This is a python implementation of the WIGOS Metadata Representation Key Performance Indicators (WMDR KPIs).
Install latest development version.
python3 -m venv pywmdr
cd pywmdr
. bin/activate
git clone https://github.com/wmo-im/pywmdr.git
cd pywmdr
python3 -m ensurepip
pip3 install -r requirements.txt
python3 setup.py build
python3 setup.py install
From command line:
# fetch version
pywmdr --version
# abstract test suite
# validate metadata against abstract test suite (file on disk)
pywmdr ats validate --file /path/to/file.xml
# validate metadata against abstract test suite (URL)
pywmdr ats validate --url http://example.org/path/to/file.xml
# adjust debugging messages (CRITICAL, ERROR, WARNING, INFO, DEBUG) to stdout
pywmdr ats validate --url http://example.org/path/to/file.xml --verbosity DEBUG
# write results to logfile
pywmdr ats validate --url http://example.org/path/to/file.xml --verbosity DEBUG --logfile /tmp/foo.txt
# key performance indicators
# all key performance indicators at once # note: running KPIs automatically runs the ats
pywmdr kpi validate --url http://example.org/path/to/file.xml --verbosity DEBUG
# all key performance indicators at once, in summary
pywmdr kpi validate --url http://example.org/path/to/file.xml --verbosity DEBUG --summary
# all key performance indicators at once, with scoring rubric grouping
pywmdr kpi validate --url http://example.org/path/to/file.xml --verbosity DEBUG --group
# selected key performance indicator
pywmdr kpi validate --kpi 20 -f /path/to/file.xml -v INFO
Using the API:
>>> # test a file on disk
>>> from lxml import etree
>>> from pywmdr.ats import WMDRTestSuite
>>> exml = etree.parse('examples/serafina.xml')
>>> # test ATS
>>> ts = WMDRTestSuite(exml)
>>> ts.run_tests()
>>> # test a URL
>>> from urllib2 import urlopen
>>> from StringIO import StringIO
>>> content = StringIO(urlopen('http://....').read())

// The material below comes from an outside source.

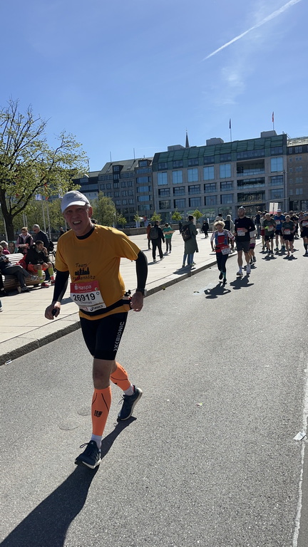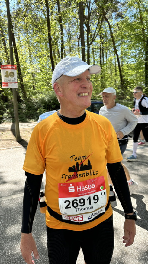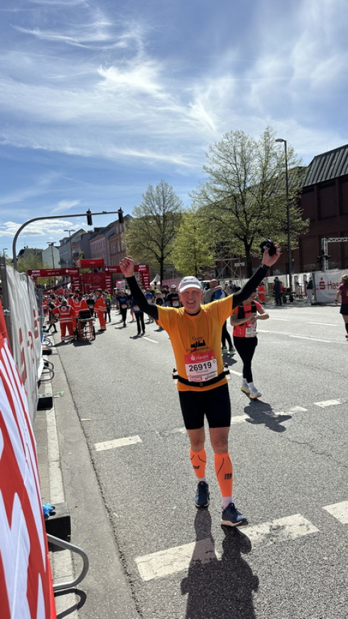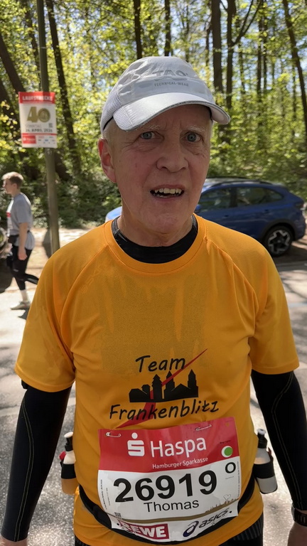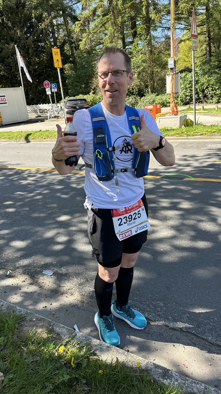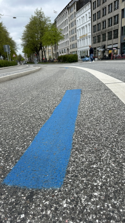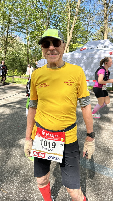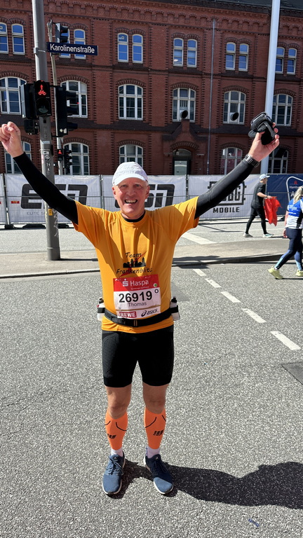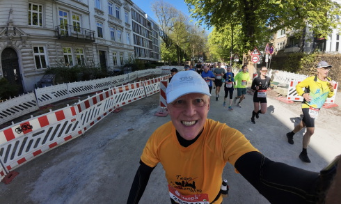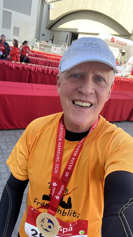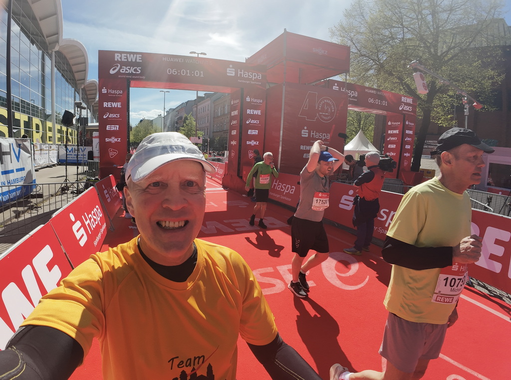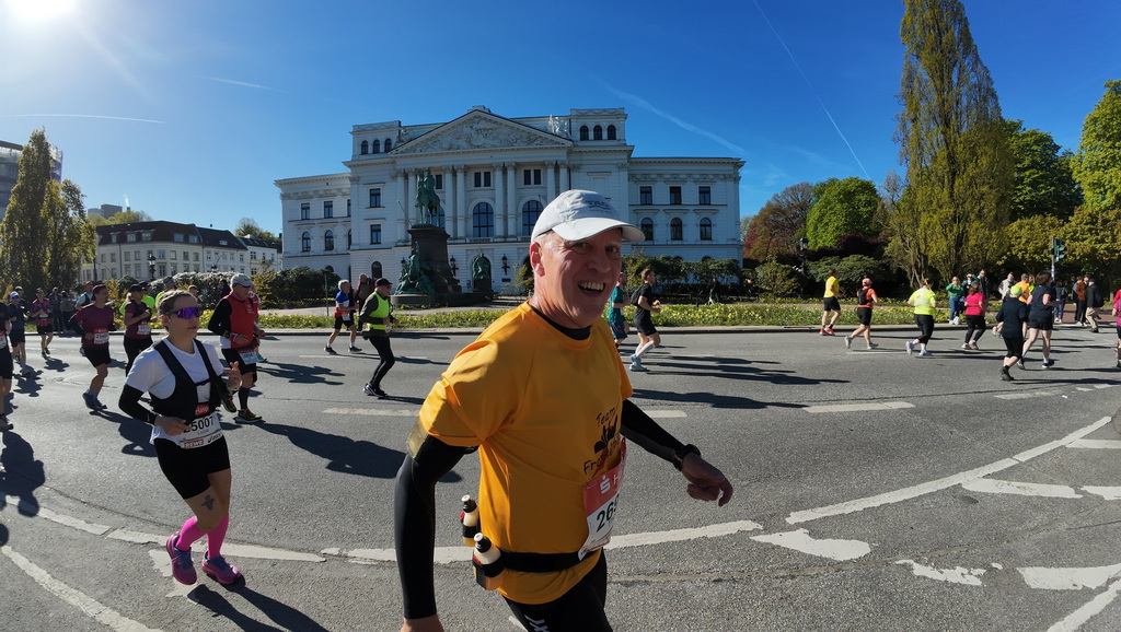Es ist aber der 40. Hamburg-Marathon und mein 15. (ab 15 gehört man zum „Blue-Line-Club“) und nachdem ich schon beim 20. und 30. dabei war, musste ich das einfach schaffen. In Hamburg wurde die blaue Linie erfunden, mit der die optimale Strecke bei einem Marathonlauf auf der Straße markiert wird und die man mittlerweile bei vielen großen Marathons sieht.
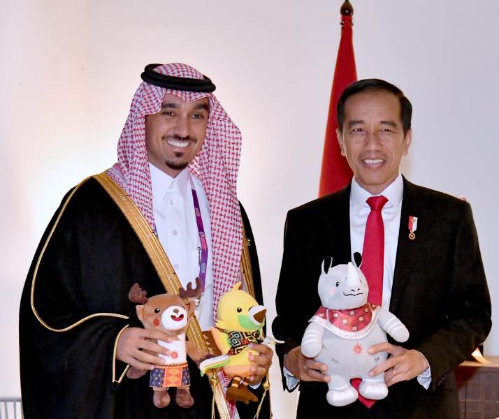 Presiden Joko Widodo menerima kunjungan Pangeran Abdulaziz bin Turki Al Faisal bin Abdulaziz Al Saud, Wakil Ketua Dewan Olah Raga Arab Saudi sebelum menghadiri Pembukaan Asian Games di Stadion Utama Gelora Bung Karno (GBK), Jakarta, 18 Agustus 2018. Pangeran yang sekaligus cucu Raja Faisal bin Abdulaziz Al Saud itu datang mewakili Sri Baginda Raja Salman untuk menghadiri pembukaan pesta olah raga terbesar se-Asia tersebut. Dalam pertemuan yang berlangsung di Cofftea House, Kompleks GBK itu, Presiden menyampaikan terima kasih atas kehadirannya dan apresiasi terhadap dukungan Arab Saudi terhadap penyelenggaraan Asian Games. “Arab Saudi mengirim kontingen sekitar 140 orang dengan mengikuti berbagai cabang olah raga dan salah satu andalannya sepak bola,” ujar Presiden Jokowi.

>>> exml = etree.parse(content)
>>> ts = WMDRTestSuite(exml)
>>> ts.run_tests() # raises ValueError error stack on exception
>>> # handle ats.TestSuiteError
>>> # ats.TestSuiteError.errors is a list of errors
>>> try:
... ts.run_tests()
... except ats.TestSuiteError as err:
... print('\n'.join(err.errors))
>>> ...
>>> # test KPI
>>> from pywcmp.kpi import WMDRKeyPerformanceIndicators
>>> kpis = WMDRKeyPerformanceIndicators(exml)
>>> results = kpis.evaluate()
>>> results['summary']
>>> # scoring rubric
>>> grouped = group_kpi_results(results)
KPI definitions being developed on this branch: https://github.com/wmo-im/wmdr/tree/issue42
This command evaluates (all or selected) KPIS for all files matching a given path (accepts bash wildcards), saves the results as .json files and optionally computes statistics from the resulting scores, including percentiles and mean for each KPI and final score.
$ pywmdr metrics --help
Usage: pywmdr metrics [OPTIONS] {evaluate|metrics} PATH
Options:
-o, --output_dir PATH Save the results onto this location
-m, --compute_metrics PATH Compute metrics and save the results onto this
file
-k, --kpi INTEGER Compute selected kpi only
-s, --skip_schema_eval skip evaluation of schema (kpi 1-01)
--help Show this message and exit.
example:
pywmdr metrics evaluate "data/records/*.xml" -o data/evaluations
pywmdr metrics metrics "data/evaluations/*.json" -m metrics.json
This command can be used to bulk download wmdr metadata records from a OAI REST endpoint (defaults to OSCAR)
$ pywmdr harvest --help
Usage: pywmdr harvest [OPTIONS] {identifiers|records|record} OUTPUT
Bulk download WMDR records from OAI web service
ACTION is the action to perform. Options are
- identifiers: request record identifiers.
- records: request records.
- record: request record by identifier"
OUTPUT is the directory where to save results
Options:
-s, --set_spec TEXT Retrieve only records with the specified setSpec
attribute
-e, --endpoint TEXT OAI web service endpoint
-i, --identifier TEXT Record identifier. Valid only for action=record
-p, --metadata_prefix TEXT Metadata prefix. Defaults to wmdr
--help Show this message and exit.
Examples:
pywmdr harvest records data/records -s airFixed
pywmdr harvest record data/records -i 0-20000-0-15118